Please output, exactly and without pictures, the lines from the opening of the listing below through the line containing "With the UV", both included.
»»
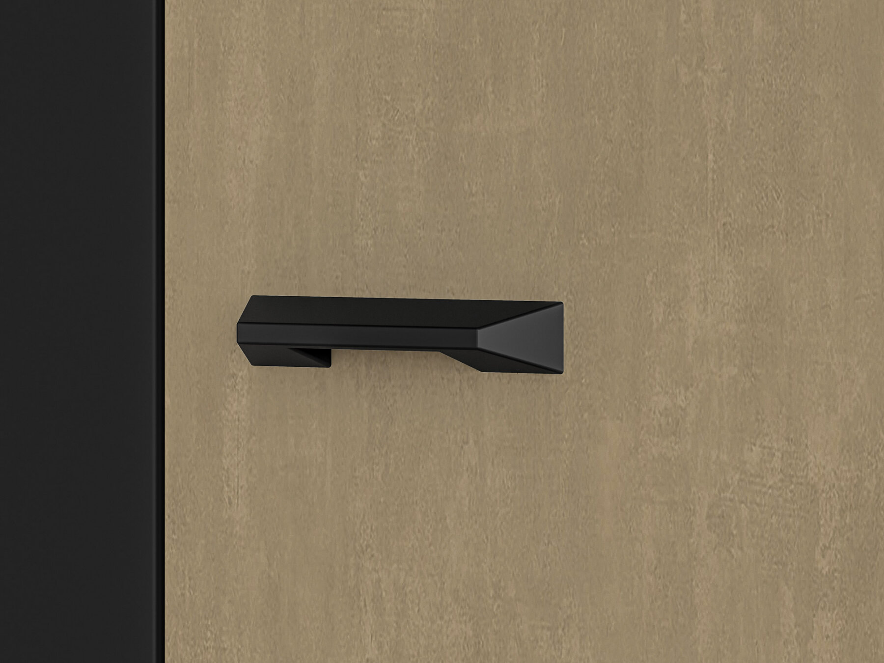 Mööbli disain ja dünaamiline viimistluste kombinatsioon – soe Craft-tamm, toore terase toon Premium Steel ning kontrastne must – rõhutavad noorte individuaalset stiili ja isikupära.
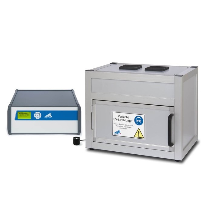 With the UV LED chamber BSL-02, we offer you a versatile irradiance chamber on a basis of high quality UV LEDs. The most common UV curing adhesives can be applied, due to the high irradiance of 400 mW/cm².
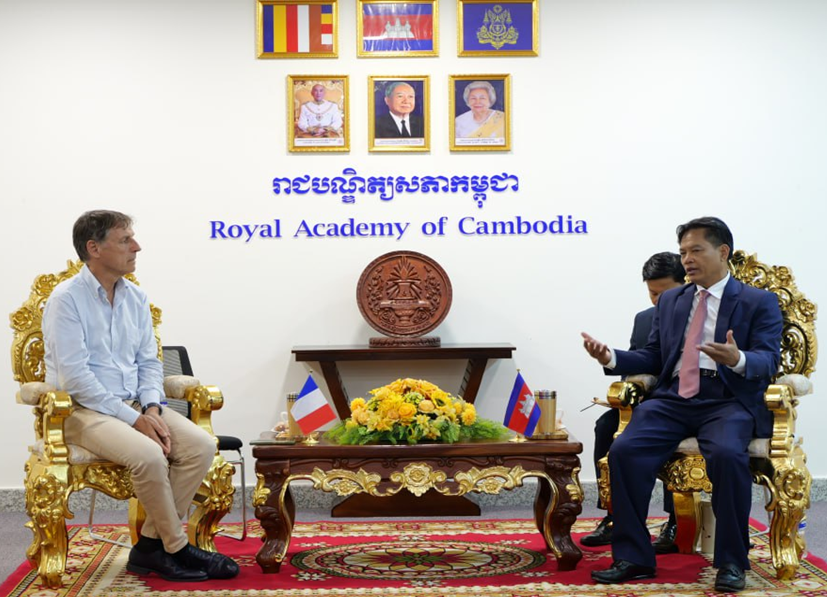 ក្នុងឱកាសជំនួបពិភាក្សាការងារជាមួយឯកឧត្ដមឯកអគ្គរដ្ឋទូតបារាំង ប្រចាំព្រះរាជាណាចក្រកម្ពុជានារសៀលនេះ ឯកឧត្ដមបណ្ឌិតសភាចារ្យ សុខ ទូច បានសម្ដែងនូវសេចក្ដីសោមនស្សចំពោះជំនួបលើកទីមួយនេះ និងបានជម្រាបជូនឯកឧត្ដមឯកអគ្គរដ្ឋទូតអំពីសមាសភាពថ្នាក់ដឹកនាំ ប្រវត្តិនៃការបង្កើត និងរចនាសម្ព័ន្ធក៏ដូចជាស្ថាប័នឧបសម្ព័ន្ធនៃរាជបណ្ឌិត្យសភាកម្ពុជា។
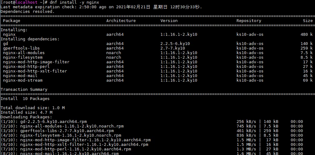 # rpm -ivh redis-5.0.7-1.ky10.aarch64.rpm
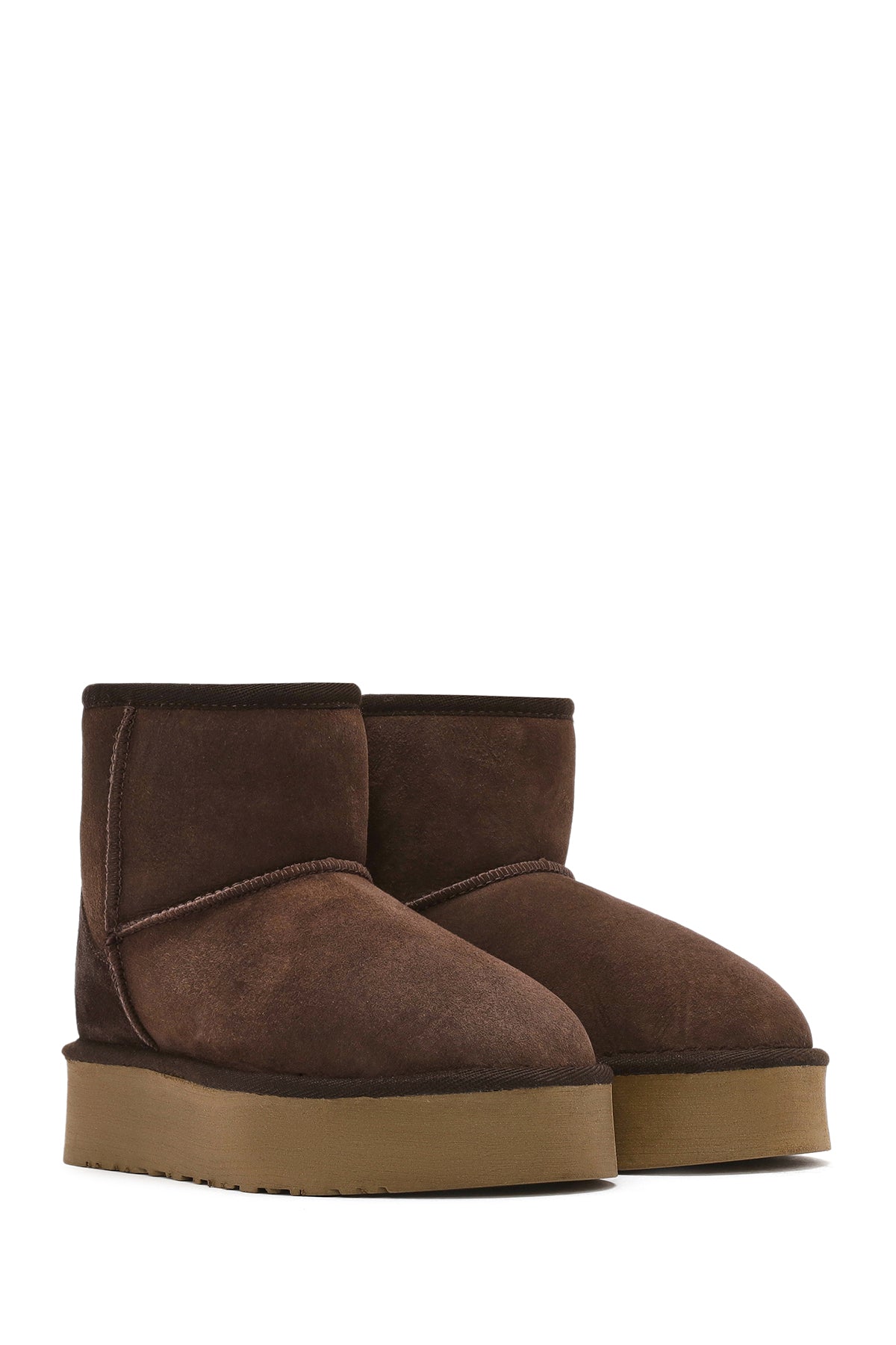 Kadın Kahverengi Kalın Tabanlı Süet Deri Bot
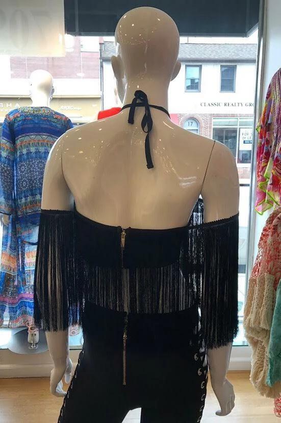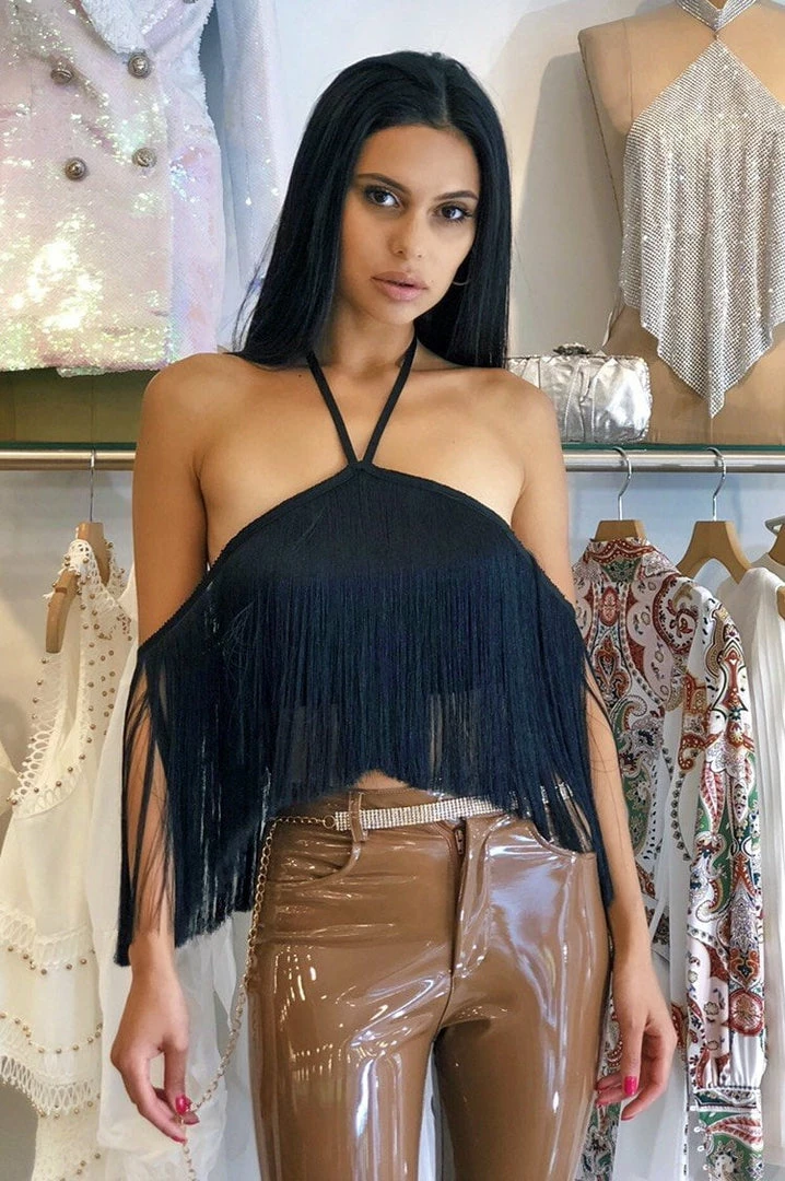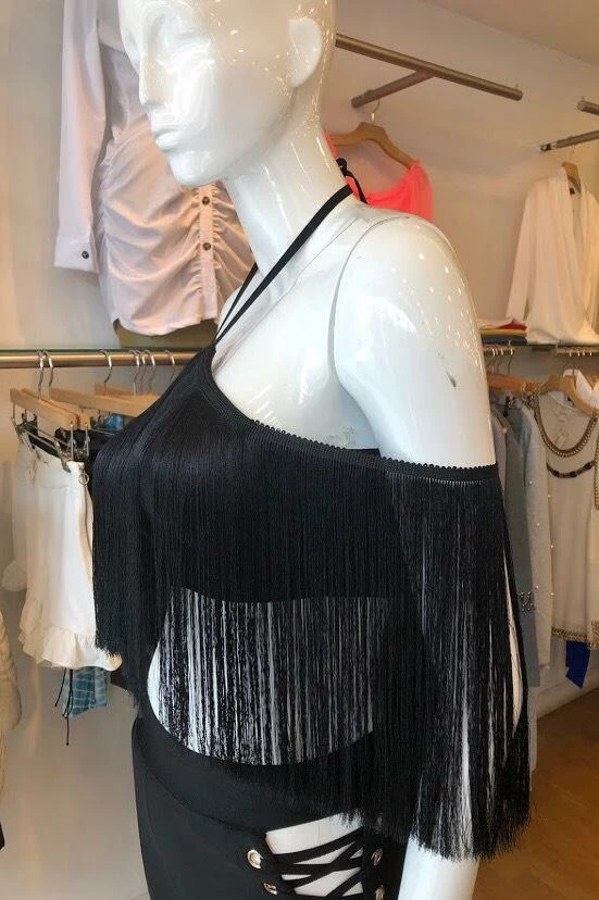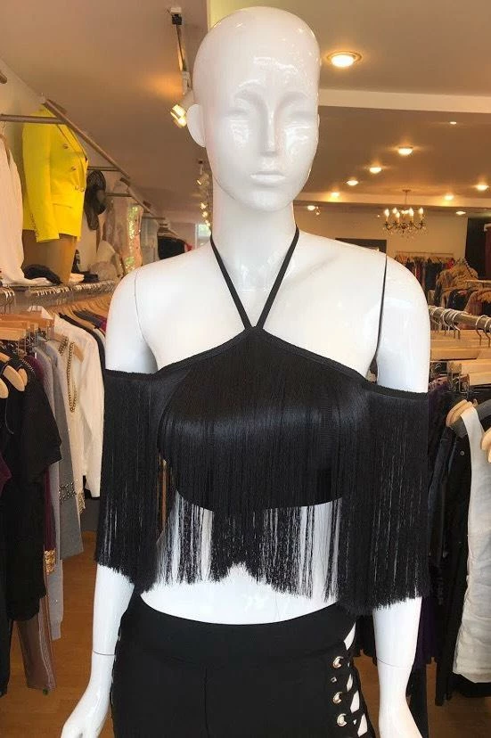 A funky yet functional piece to add to your wardrobe. This crop top features an open shoulder, open back, fringe detail, halter neck, and 3/4 length sleeves. This top can be paired with almost anything depending on your mood – a mini skirt, denim jeans, latex pants, and more.
««
### Your solution
 Mööbli disain ja dünaamiline viimistluste kombinatsioon – soe Craft-tamm, toore terase toon Premium Steel ning kontrastne must – rõhutavad noorte individuaalset stiili ja isikupära.
 With the UV LED chamber BSL-02, we offer you a versatile irradiance chamber on a basis of high quality UV LEDs. The most common UV curing adhesives can be applied, due to the high irradiance of 400 mW/cm².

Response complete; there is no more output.